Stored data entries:
┄┄┄┄┄┄
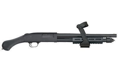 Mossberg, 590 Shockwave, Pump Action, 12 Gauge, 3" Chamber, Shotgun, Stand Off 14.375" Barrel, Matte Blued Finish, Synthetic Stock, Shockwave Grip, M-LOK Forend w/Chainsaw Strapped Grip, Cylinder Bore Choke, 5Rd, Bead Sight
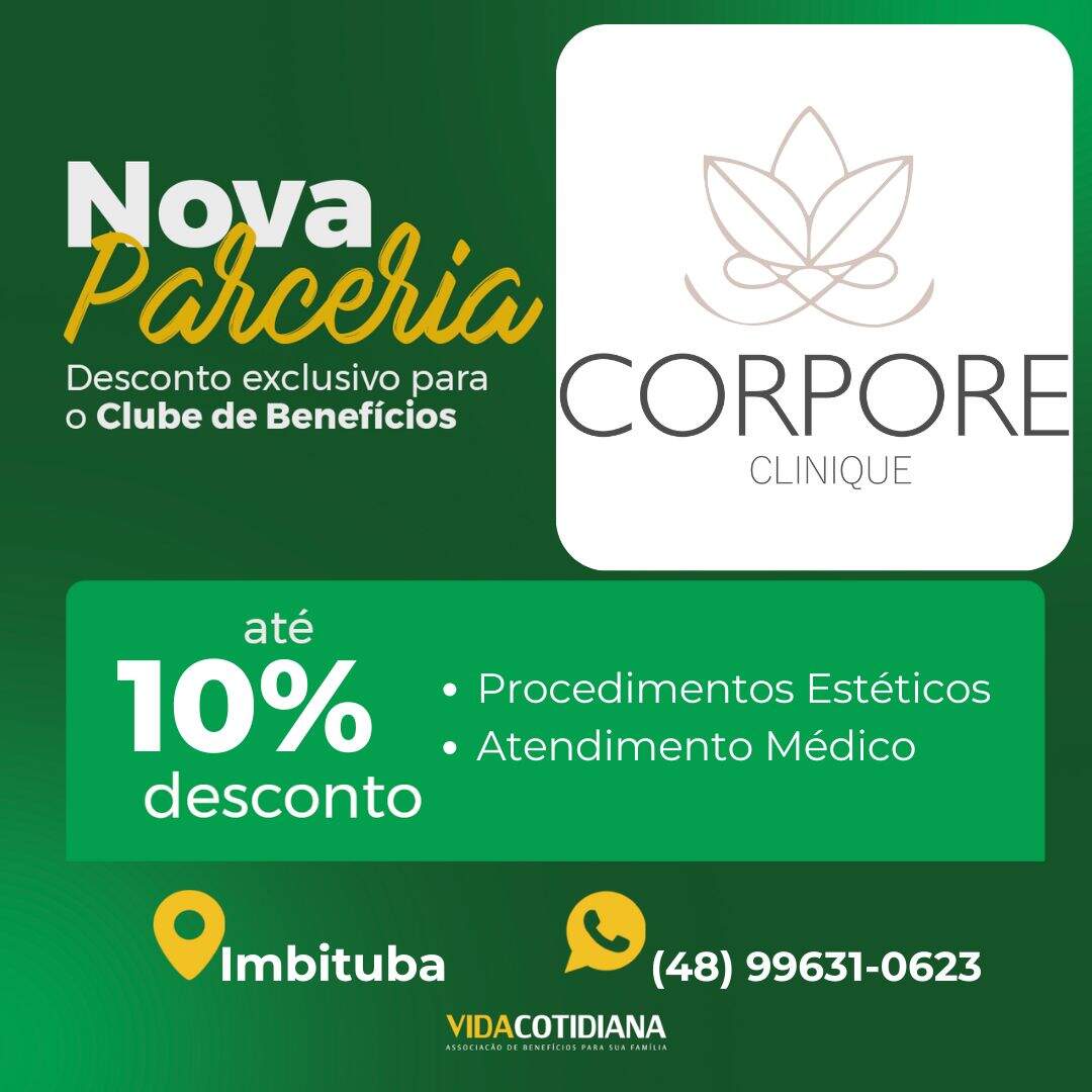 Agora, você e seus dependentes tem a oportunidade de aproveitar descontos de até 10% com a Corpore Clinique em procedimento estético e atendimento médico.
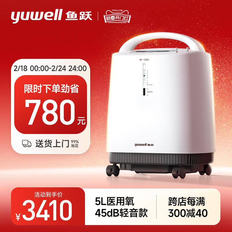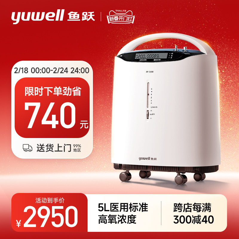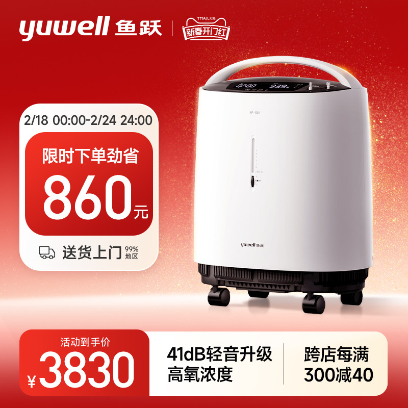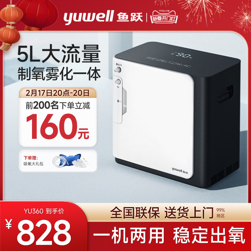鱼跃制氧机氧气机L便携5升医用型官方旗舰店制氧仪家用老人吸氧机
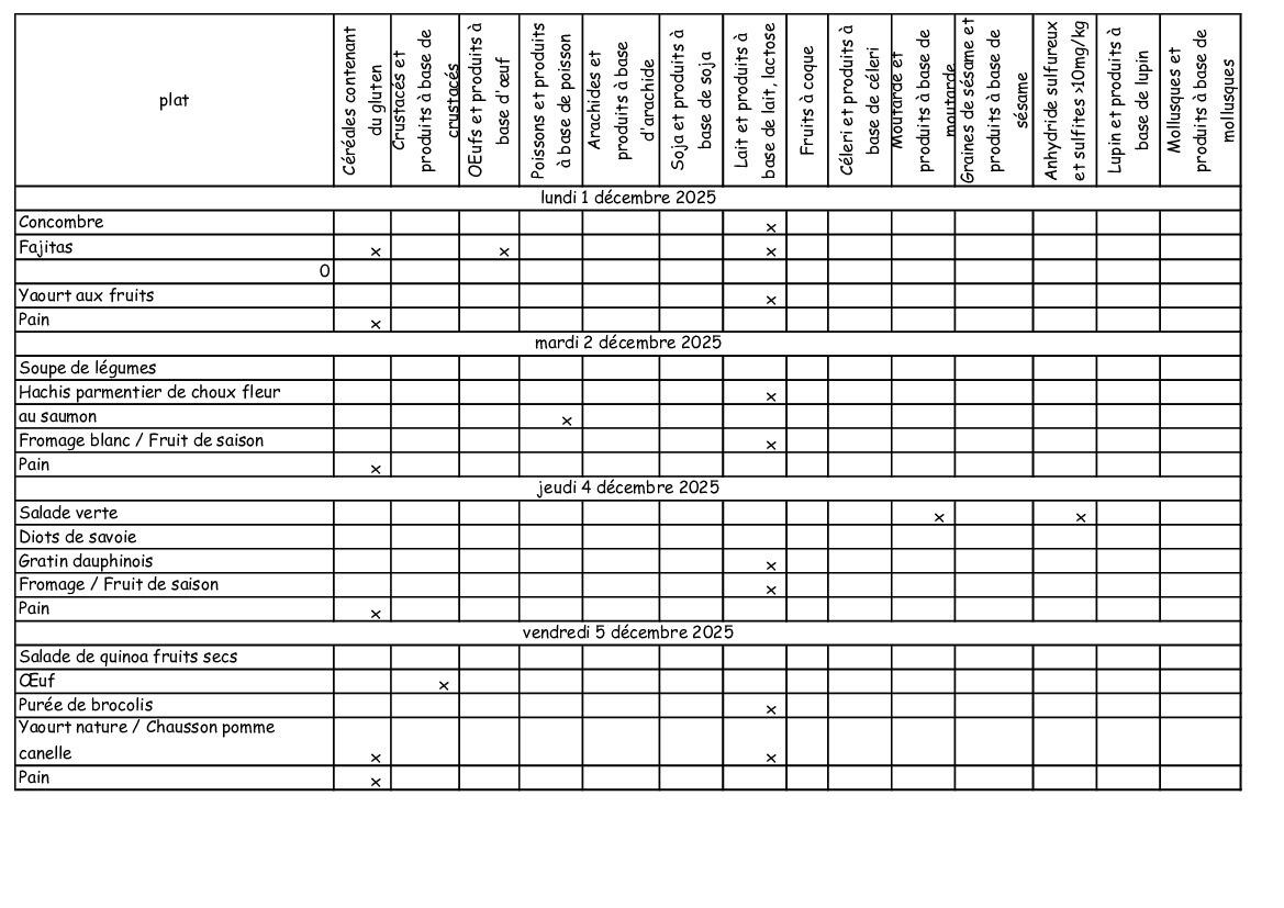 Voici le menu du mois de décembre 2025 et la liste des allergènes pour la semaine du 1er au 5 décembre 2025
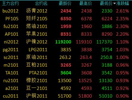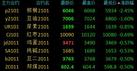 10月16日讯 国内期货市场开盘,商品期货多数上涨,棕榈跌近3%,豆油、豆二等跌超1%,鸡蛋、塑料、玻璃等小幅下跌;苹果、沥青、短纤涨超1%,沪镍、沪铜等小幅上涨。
┄┄┄┄┄┄
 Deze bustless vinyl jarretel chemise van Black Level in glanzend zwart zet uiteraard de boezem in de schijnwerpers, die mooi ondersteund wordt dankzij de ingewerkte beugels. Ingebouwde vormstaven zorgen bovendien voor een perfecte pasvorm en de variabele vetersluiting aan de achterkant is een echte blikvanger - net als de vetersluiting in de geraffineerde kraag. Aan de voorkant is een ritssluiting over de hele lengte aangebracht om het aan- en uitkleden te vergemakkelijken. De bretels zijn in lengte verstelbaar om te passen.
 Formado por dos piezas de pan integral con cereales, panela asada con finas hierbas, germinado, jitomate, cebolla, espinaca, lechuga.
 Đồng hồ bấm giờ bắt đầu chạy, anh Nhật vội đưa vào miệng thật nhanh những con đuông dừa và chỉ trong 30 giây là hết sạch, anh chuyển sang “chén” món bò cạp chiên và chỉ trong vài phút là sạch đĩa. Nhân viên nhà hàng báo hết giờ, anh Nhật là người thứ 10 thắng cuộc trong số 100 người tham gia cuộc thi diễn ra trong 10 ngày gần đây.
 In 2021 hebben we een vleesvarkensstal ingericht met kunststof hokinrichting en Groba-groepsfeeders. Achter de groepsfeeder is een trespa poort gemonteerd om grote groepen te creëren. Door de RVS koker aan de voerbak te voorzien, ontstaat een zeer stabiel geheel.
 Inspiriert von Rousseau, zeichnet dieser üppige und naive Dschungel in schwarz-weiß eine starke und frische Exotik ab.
┄┄┄┄┄┄
# Aim of the task:
Print again the lines of the entries above that fall between the line holding "Formado por dos" and the line holding "Inspiriert von Rousseau, zeichnet", inclusive, exactly as they stand.

# Solution to the problem:
 Formado por dos piezas de pan integral con cereales, panela asada con finas hierbas, germinado, jitomate, cebolla, espinaca, lechuga.
 Đồng hồ bấm giờ bắt đầu chạy, anh Nhật vội đưa vào miệng thật nhanh những con đuông dừa và chỉ trong 30 giây là hết sạch, anh chuyển sang “chén” món bò cạp chiên và chỉ trong vài phút là sạch đĩa. Nhân viên nhà hàng báo hết giờ, anh Nhật là người thứ 10 thắng cuộc trong số 100 người tham gia cuộc thi diễn ra trong 10 ngày gần đây.
 In 2021 hebben we een vleesvarkensstal ingericht met kunststof hokinrichting en Groba-groepsfeeders. Achter de groepsfeeder is een trespa poort gemonteerd om grote groepen te creëren. Door de RVS koker aan de voerbak te voorzien, ontstaat een zeer stabiel geheel.
 Inspiriert von Rousseau, zeichnet dieser üppige und naive Dschungel in schwarz-weiß eine starke und frische Exotik ab.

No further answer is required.